The content of a line of the csv file looks like:

class	lat	lon	name	type	dateHour	point_geom	timestamp	trail_id	trail_geom	gps_speed	gps_bearing	current_speed	current_angle	SLA	SST	CHL	dayOfYear	weekOfYear	month	year
B	37.7233	-0.0592	Gloria	Loggerhead turtle	2021/05/05 10:14	POINT(-0.0592 37.7233)	1620201690	Gloria#1620200940_1620202440	LINESTRING (-0.0585 37.7254, -0.0592 37.7233)	0.5786710530504017	194.82992333596488	0.0890163012627082	55.2911825117637	0.0357612146212001	18.053640347593728	0.1463965331146449	125	18	5	2021

Marine weather data

The weather dataset is built by associating Copernicus datasets composed of data that could be useful to understand loggerhead turtles movements. In order to obtain the weather data set that is in this workshop, the following process was applied:

Retrieve the interesting data sets form the Copernicus platform
Because of the download size limit, piece together each data set
Complete them with other data sets with the same variables to reach the maximum coverage possible
Interpolate them to a common temporal and spatial grid
Merge them together
From the Argonautica data selected, extract the daily bounding boxes that encompass the turtles movements, with a certain margin
Add to the data set the geometry of the cell that the weather record represent

This subset is stored in weather_data.csv. It contains around 57 199 processed weather records described with the following columns:

date; latitude; longitude: temporal and geospatial coordinates of the record
SLA: Sea Level Anomaly, or the difference in height between the avergae global sea height and the measured one (m)
SST: Sea Surface Temperature (°C)
chl: the quantity of chlorophyll measured (mg/m^3)
current_angle: the angle of the average surface currents (°)
current_speed: the speed of the average surface currents (m/s)
timestamp: the UNIX timestamp of the measure. It is used to indicate the temporality of the measure to ARLAS as seen in the weather_collection.json
unique_id: the unique ID of this record
dayOfYear; weekOfYear; month_name; year: helpers for the representation of periodic temporal data
point_geom: the position in WKT format
box_geom: the WKT polygon representing the cell of the grid on which the data has been interpolated
location_id: an ID formed of longitude_latitude, common to a grid cell to cluster measures of a same position together in Network analytics layers

The content of a line of the csv file looks like:

date	latitude	longitude	SLA	SST	chl	current_angle	current_speed	timestamp	unique_id	dayOfYear	weekOfYear	month_name	year	point_geom	box_geom	location_id
2018-07-03	46.167	-2.833	0.023		0.084	-9.319	0.028	1530568800	46.167_-2.833_1530568800	184	27	July	2018	POINT(-2.833 46.167)	POLYGON((-2.875 46.125,-2.875 46.209,-2.791 46.209,-2.791 46.125,-2.875 46.125))	-2.833_46.167

Exploring multiple collections at once

Indexing and loading data into ARLAS

Now that we discovered what the data represents and looks like, we will explore it through ARLAS. But before that, we need to load the data into ARLAS.

Setup

Before diving into the exploration of the data, we need to retrieve the data, as well as the ARLAS stack itself, by following the steps below.
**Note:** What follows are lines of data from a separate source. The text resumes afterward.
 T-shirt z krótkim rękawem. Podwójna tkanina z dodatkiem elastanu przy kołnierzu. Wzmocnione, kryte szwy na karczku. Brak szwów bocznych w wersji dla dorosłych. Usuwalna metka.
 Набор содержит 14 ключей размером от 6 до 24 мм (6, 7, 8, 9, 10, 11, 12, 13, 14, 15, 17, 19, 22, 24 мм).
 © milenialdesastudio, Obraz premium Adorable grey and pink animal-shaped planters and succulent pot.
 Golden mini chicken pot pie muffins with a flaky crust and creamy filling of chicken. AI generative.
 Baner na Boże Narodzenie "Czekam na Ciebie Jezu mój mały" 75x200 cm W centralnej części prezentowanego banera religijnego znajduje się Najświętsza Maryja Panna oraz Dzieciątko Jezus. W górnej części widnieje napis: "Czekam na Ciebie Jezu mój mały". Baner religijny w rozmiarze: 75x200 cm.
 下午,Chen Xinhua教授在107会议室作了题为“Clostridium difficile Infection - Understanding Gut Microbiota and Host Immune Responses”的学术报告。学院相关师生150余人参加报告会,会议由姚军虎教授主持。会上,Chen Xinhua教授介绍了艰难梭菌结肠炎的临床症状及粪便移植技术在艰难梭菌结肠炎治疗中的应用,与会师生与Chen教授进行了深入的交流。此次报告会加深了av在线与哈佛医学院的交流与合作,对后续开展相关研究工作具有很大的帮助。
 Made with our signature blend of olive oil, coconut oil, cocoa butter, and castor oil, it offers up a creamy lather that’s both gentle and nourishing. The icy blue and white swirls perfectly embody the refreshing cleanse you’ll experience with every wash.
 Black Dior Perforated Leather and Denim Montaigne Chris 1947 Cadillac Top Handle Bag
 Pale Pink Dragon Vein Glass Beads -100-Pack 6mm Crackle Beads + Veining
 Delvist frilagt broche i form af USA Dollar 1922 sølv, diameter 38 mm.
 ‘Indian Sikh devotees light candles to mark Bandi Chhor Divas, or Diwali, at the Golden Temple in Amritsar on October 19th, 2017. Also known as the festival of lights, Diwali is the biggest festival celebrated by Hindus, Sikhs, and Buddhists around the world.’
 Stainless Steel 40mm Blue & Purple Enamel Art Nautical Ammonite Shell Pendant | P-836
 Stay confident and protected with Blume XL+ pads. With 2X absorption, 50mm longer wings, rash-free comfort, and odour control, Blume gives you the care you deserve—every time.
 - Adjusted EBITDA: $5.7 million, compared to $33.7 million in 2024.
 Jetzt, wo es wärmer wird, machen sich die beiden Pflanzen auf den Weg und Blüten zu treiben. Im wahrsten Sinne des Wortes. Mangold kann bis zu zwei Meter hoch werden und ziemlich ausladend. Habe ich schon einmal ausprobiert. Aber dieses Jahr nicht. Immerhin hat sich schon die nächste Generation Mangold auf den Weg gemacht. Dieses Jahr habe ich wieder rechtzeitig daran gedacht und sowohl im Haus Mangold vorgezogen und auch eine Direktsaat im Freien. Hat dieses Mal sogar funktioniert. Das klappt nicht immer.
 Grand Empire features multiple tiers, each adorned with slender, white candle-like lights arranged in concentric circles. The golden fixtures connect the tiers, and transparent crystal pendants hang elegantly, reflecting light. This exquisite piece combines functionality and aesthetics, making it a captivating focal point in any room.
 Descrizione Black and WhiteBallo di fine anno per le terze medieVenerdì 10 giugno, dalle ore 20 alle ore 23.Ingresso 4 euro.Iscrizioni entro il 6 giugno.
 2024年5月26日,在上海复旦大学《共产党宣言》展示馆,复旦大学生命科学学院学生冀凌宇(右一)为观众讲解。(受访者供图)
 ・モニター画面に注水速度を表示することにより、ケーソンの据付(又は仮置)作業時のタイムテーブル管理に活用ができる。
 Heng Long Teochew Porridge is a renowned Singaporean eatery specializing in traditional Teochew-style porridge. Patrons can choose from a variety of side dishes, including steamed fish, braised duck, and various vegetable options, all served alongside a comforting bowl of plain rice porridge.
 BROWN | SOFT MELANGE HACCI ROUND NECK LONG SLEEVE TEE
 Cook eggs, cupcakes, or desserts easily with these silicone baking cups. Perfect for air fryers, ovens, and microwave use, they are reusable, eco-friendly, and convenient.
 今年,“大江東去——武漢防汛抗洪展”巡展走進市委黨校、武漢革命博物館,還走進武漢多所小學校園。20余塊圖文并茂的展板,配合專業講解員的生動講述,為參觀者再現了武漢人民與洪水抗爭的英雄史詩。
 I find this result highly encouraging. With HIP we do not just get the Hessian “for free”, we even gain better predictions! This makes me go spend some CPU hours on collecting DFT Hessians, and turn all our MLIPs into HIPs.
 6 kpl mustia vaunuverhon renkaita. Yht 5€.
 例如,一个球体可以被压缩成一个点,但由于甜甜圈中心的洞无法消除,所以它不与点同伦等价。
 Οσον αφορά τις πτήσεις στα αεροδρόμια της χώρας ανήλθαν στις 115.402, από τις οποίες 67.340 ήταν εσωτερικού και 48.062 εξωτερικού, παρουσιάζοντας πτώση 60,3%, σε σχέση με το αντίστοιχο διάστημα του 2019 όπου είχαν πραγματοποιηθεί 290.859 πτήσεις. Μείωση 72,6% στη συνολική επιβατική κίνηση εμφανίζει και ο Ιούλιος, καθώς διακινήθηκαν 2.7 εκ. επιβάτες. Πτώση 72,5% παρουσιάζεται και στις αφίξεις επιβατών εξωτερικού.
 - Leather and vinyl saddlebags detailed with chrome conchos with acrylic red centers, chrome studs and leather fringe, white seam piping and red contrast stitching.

Create a repository dedicated to this tutorial

mkdir ARLAS-argonautica-workshop
cd ARLAS-argonautica-workshop

Download the turtles' movements and weather data

curl -o weather_data.csv -L "https://raw.githubusercontent.com/gisaia/ARLAS-argonautica-workshop/master/data/weather_data.csv"

curl -o argonautica_data.csv -L "https://raw.githubusercontent.com/gisaia/ARLAS-argonautica-workshop/master/data/argonautica_data.csv"

Check that both data files are downloaded

ls -l weather_data.csv
ls -l argonautica_data.csv

Download the ARLAS-Exploration-stack project and unzip it

(curl -L -O "https://github.com/gisaia/ARLAS-Exploration-stack/archive/develop.zip"; unzip develop.zip; rm develop.zip)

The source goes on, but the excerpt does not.